Incontestablement l'humilité de Mère Marie-Anne était grande comme le prouve la réponse qu'elle fit à une novice qui lui demandait pourquoi elle, la Fondatrice, était maintenue dans de si modestes emplois, elle répondit: "Plus un arbre enfonce ses racines profondément dans le sol, plus il a de chances de grandir et de porter du fruit." Et cela dura de 1858 jusqu'à sa mort, le 2 janvier 1890, soit pendant 32 ans. Mais "l'arbre aux racines solides portait déjà beaucoup de fruits", car, dès les années 1860, la congrégation gagna le reste du Canada dont la Colombie britannique. Puis, ce furent d'autres pays, comme le Cameroun, le Chili, les États-Unis et Haïti. Dans ces pays, la congrégation de Sainte-Anne joua un rôle important dans l'éducation et l'instruction du peuple. En 1884, la règle des Sœurs de Sainte-Anne fut approuvée par Rome.

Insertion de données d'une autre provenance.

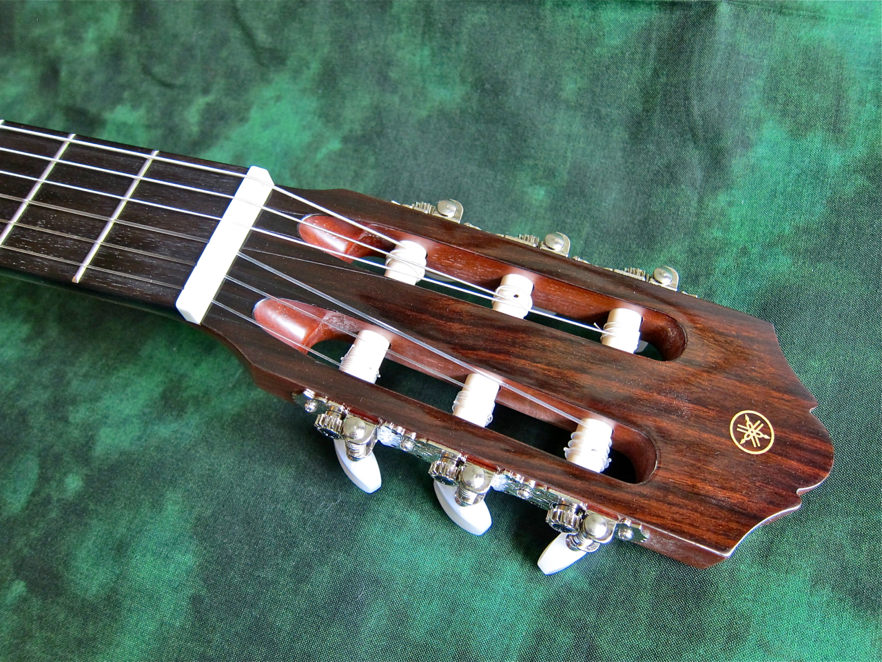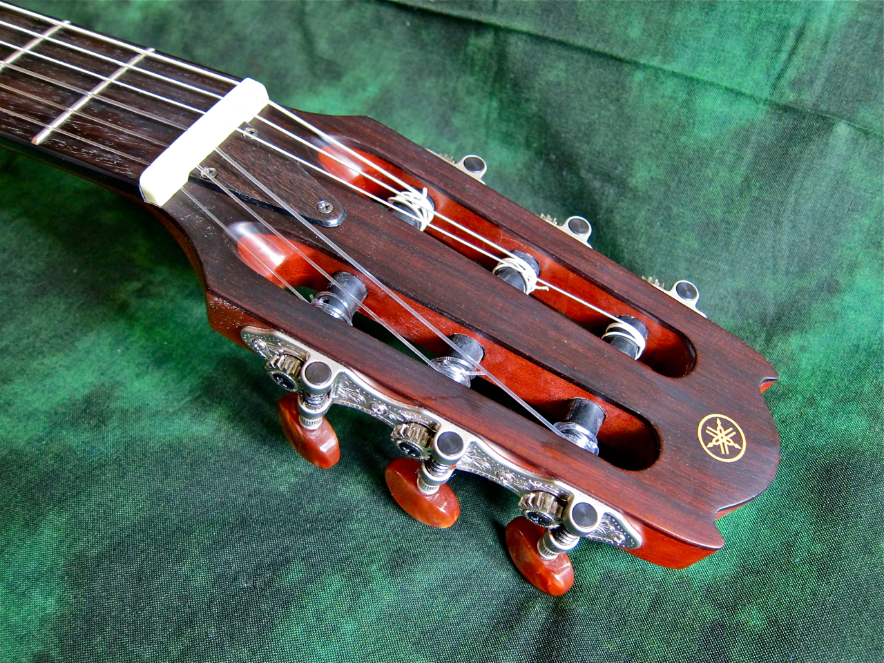 Even though this model isn’t equipped with a vibrato bridge, Yamaha have nonetheless chosen to use a set of Grover locking tuners. The biggest advantage of the Grover units is that you don’t need any tools to change strings. You simply thread the string through the tuning post, and then turn the tuner head. This first engages the locking mechanism, and once the string is locked, the tuning post starts to turn.

À l'automne 1889, l'état de santé de Mère Marie-Anne, âgée de 80 ans, se détériora rapidement. Atteinte d'une bronchite sévère, elle décéda le 2 janvier 1890, à Lachine où se trouvait alors la maison-mère, auprès de son amie de toujours, Suzanne Pineault. Mère Marie-Anne fut béatifiée par le pape Jean-Paul II le 29 avril 2001. Lors des cérémonies de béatification le pape Jean-Paul II présenta Mère Marie-Anne Blondin comme "le modèle d'une vie fascinée par l'amour et traversée du mystère pascal". Sa fête fut fixée le 18 avril, jour de l'anniversaire de sa naissance.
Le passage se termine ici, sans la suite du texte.